Record extracts -
====
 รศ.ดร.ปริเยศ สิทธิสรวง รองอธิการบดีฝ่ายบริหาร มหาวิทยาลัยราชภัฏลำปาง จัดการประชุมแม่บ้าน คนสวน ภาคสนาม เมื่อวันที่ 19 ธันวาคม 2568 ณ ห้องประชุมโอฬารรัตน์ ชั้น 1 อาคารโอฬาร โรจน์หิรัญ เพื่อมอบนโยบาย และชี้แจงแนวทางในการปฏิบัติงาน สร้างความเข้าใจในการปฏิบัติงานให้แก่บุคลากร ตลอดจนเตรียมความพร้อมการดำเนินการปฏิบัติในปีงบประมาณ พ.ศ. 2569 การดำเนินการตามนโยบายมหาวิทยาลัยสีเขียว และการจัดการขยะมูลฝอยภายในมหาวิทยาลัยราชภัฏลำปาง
====
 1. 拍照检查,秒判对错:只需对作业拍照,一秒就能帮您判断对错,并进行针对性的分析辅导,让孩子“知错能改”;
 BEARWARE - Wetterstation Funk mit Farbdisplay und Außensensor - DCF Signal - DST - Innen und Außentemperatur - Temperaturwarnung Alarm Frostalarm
====
Required work - Among the entries above, find the line with "1. 拍照检查,秒判对错:只" and the line with "BEARWARE - Wetterstation"; give again exactly these two lines and all lines between them.

Output for this task -
 1. 拍照检查,秒判对错:只需对作业拍照,一秒就能帮您判断对错,并进行针对性的分析辅导,让孩子“知错能改”;
 BEARWARE - Wetterstation Funk mit Farbdisplay und Außensensor - DCF Signal - DST - Innen und Außentemperatur - Temperaturwarnung Alarm Frostalarm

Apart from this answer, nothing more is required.